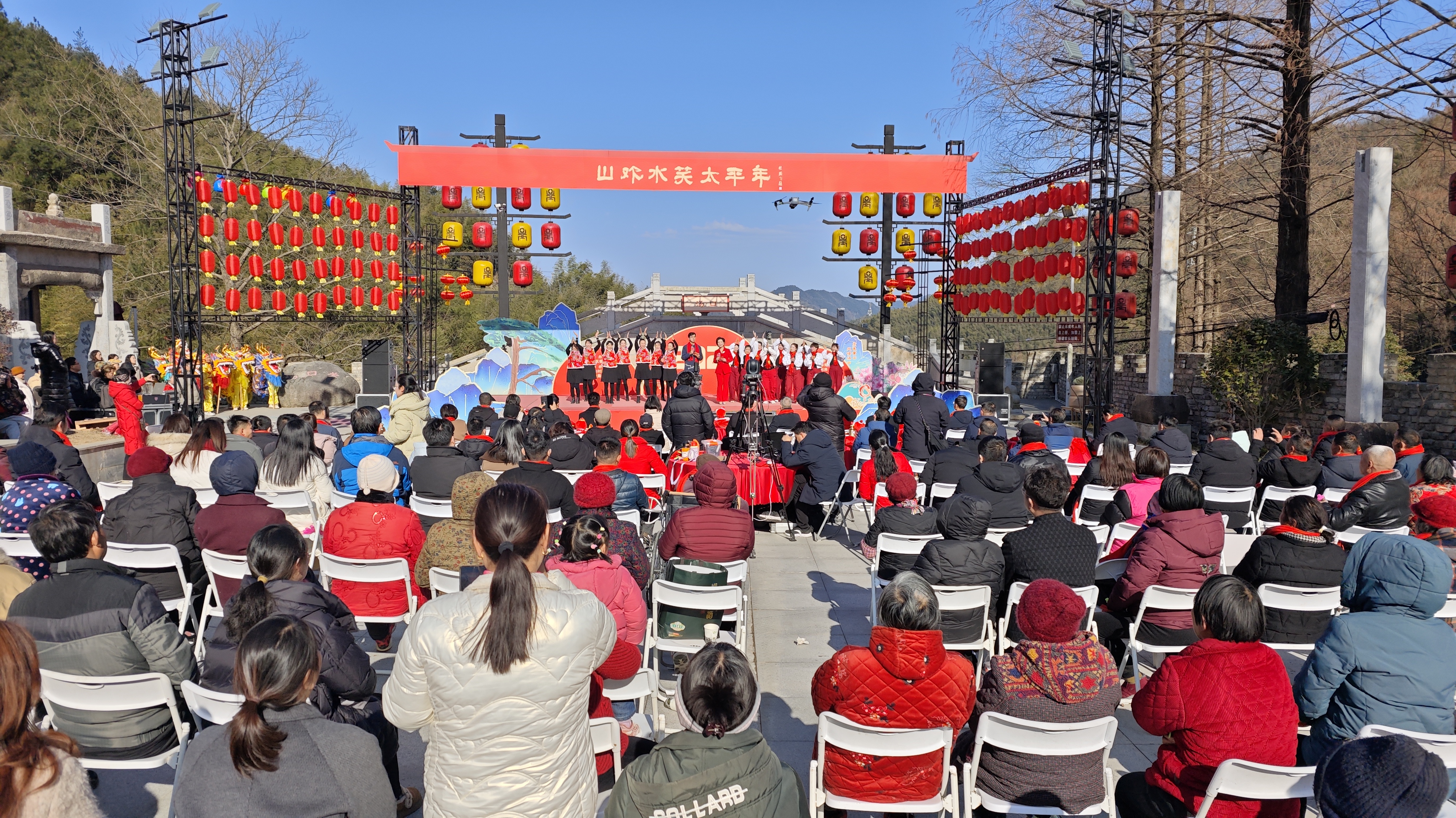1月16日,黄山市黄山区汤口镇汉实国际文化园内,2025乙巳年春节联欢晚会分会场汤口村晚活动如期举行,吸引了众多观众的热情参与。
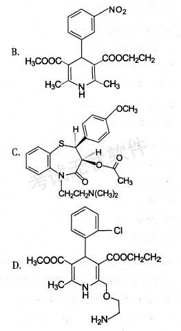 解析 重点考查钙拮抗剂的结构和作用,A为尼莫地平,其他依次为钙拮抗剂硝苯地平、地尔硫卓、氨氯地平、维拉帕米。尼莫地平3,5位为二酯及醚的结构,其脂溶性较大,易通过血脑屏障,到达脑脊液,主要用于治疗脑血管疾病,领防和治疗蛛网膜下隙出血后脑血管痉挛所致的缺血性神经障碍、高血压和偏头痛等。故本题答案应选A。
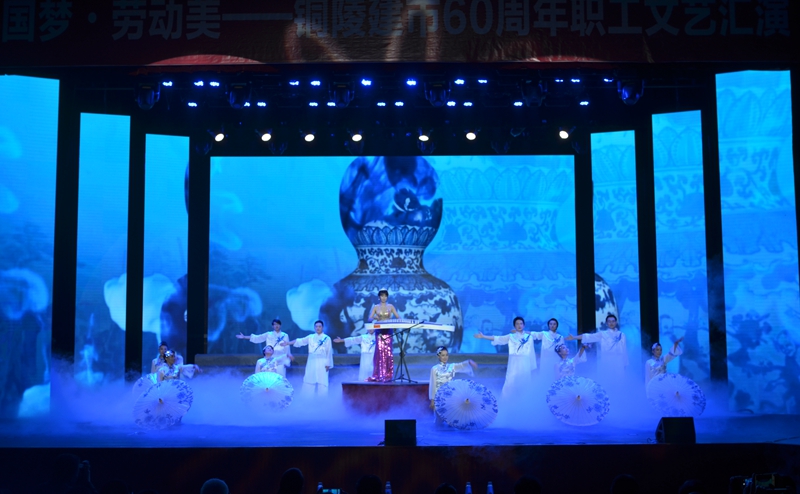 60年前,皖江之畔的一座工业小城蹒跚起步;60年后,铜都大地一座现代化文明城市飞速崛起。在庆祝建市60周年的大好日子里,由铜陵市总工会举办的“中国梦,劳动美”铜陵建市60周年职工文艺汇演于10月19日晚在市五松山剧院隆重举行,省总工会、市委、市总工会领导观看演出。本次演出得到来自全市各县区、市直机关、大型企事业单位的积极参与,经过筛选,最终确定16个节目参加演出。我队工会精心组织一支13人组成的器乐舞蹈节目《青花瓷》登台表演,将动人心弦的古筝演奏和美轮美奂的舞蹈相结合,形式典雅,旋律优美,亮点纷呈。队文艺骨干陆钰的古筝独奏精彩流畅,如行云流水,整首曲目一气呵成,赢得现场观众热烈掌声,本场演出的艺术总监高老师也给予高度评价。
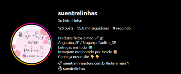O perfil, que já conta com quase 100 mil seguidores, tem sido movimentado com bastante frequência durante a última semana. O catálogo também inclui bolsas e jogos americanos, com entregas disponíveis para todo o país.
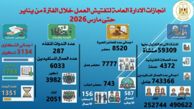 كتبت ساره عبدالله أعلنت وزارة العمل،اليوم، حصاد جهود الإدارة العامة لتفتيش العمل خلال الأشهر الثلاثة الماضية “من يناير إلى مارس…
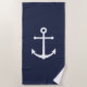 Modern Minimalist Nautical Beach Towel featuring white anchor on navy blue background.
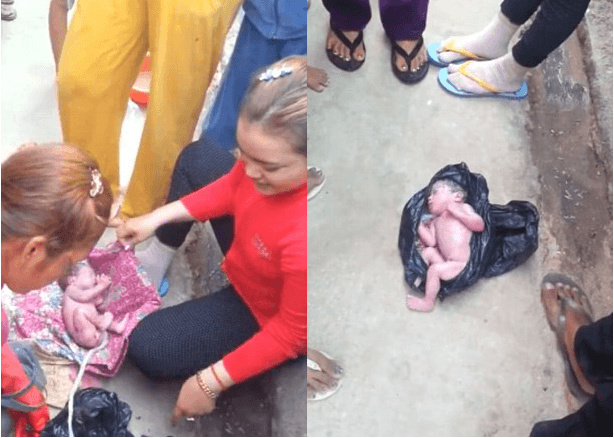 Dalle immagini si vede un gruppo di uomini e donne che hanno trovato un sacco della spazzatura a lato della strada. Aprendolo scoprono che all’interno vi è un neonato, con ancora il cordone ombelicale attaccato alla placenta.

* * * * * * * * *

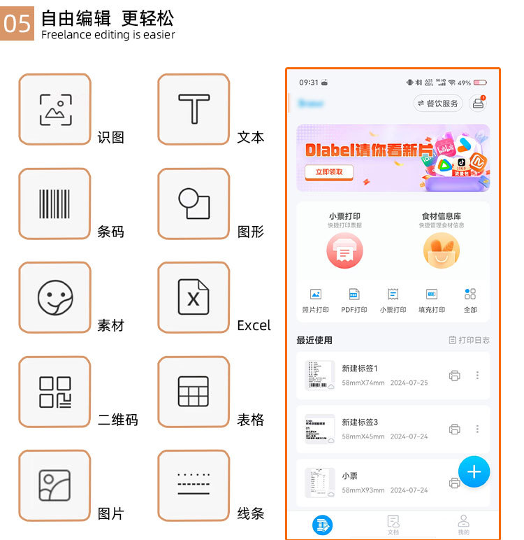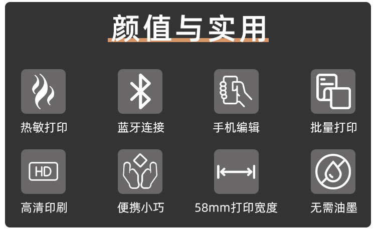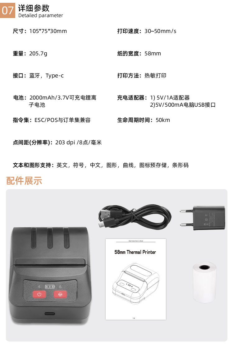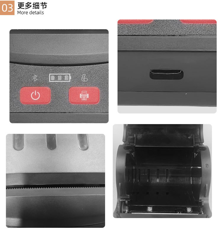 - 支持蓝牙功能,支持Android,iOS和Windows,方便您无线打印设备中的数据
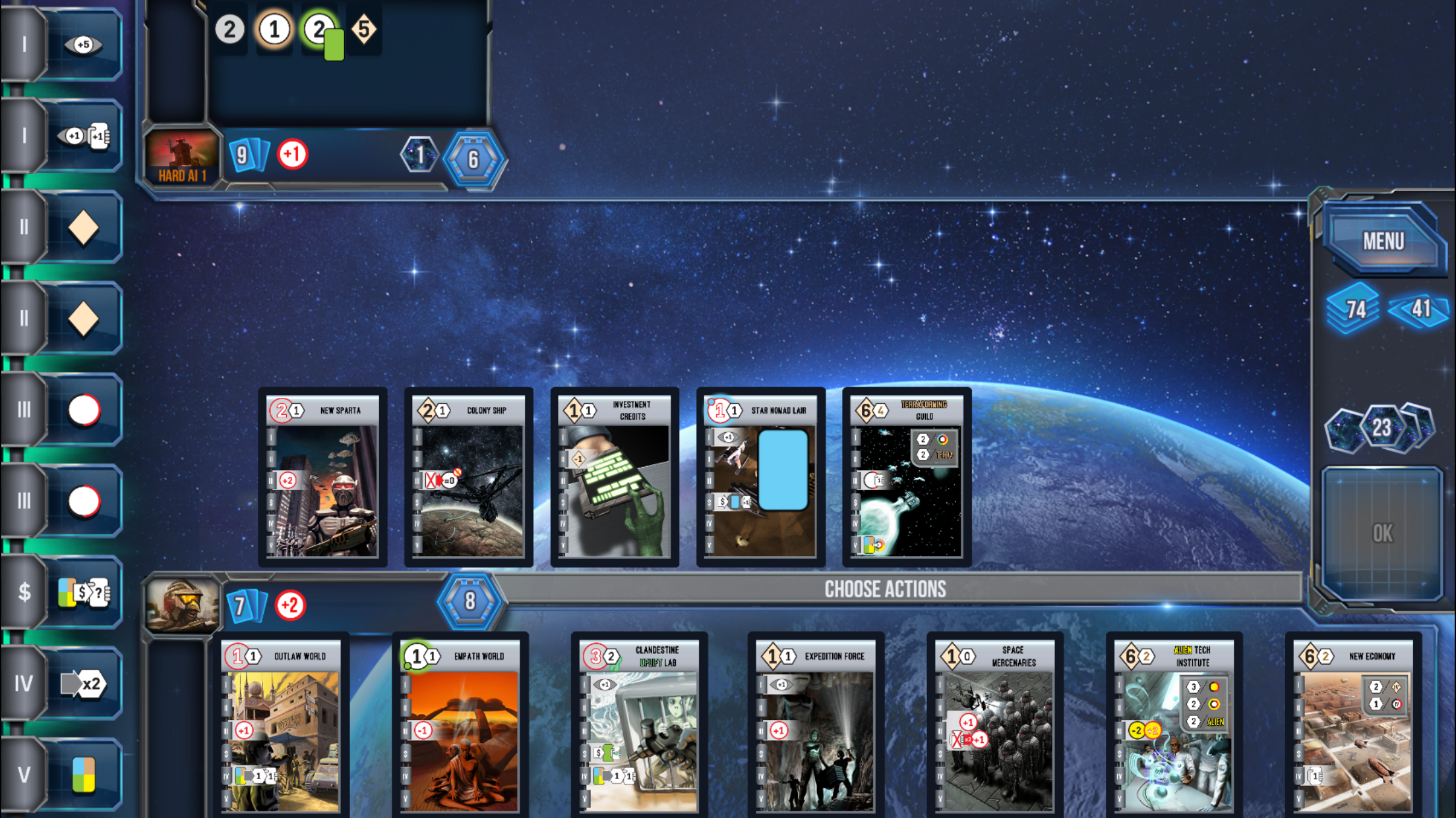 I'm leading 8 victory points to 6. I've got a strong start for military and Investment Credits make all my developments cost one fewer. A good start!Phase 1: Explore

* * * * * * * * *

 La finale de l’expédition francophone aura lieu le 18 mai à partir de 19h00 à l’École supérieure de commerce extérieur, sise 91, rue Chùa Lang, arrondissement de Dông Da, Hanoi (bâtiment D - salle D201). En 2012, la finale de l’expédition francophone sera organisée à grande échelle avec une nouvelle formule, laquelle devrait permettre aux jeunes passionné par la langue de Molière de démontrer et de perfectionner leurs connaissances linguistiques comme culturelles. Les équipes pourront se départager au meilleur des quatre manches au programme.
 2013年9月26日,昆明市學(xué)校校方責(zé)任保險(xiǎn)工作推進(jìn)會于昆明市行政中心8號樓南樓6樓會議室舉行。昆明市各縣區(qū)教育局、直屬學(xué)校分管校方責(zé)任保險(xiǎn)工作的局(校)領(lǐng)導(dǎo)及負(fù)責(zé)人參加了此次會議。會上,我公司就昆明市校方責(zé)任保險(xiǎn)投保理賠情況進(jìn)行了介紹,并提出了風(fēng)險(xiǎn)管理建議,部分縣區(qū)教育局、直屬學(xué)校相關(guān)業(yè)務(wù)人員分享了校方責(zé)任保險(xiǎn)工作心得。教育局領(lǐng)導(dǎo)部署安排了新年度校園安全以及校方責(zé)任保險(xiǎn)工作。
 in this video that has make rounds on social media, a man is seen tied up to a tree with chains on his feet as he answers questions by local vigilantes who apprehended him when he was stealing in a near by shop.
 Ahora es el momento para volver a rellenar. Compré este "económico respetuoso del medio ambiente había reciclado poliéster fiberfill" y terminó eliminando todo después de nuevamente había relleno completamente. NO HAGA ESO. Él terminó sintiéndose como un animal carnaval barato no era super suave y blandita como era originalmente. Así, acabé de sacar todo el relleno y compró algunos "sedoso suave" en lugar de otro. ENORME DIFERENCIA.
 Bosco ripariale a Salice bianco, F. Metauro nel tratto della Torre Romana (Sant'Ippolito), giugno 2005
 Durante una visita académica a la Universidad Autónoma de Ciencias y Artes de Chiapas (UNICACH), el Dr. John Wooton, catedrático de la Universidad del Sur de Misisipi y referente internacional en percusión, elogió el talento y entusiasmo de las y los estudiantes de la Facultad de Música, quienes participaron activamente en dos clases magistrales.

* * * * * * * * *

■ **WHAT YOU ARE ASKED TO DO**
From the records above, give again exactly the lines running from the line with "Ahora es el" to the line with "Durante una visita", inclusive.

■ **EXERCISE RESPONSE**
 Ahora es el momento para volver a rellenar. Compré este "económico respetuoso del medio ambiente había reciclado poliéster fiberfill" y terminó eliminando todo después de nuevamente había relleno completamente. NO HAGA ESO. Él terminó sintiéndose como un animal carnaval barato no era super suave y blandita como era originalmente. Así, acabé de sacar todo el relleno y compró algunos "sedoso suave" en lugar de otro. ENORME DIFERENCIA.
 Bosco ripariale a Salice bianco, F. Metauro nel tratto della Torre Romana (Sant'Ippolito), giugno 2005
 Durante una visita académica a la Universidad Autónoma de Ciencias y Artes de Chiapas (UNICACH), el Dr. John Wooton, catedrático de la Universidad del Sur de Misisipi y referente internacional en percusión, elogió el talento y entusiasmo de las y los estudiantes de la Facultad de Música, quienes participaron activamente en dos clases magistrales.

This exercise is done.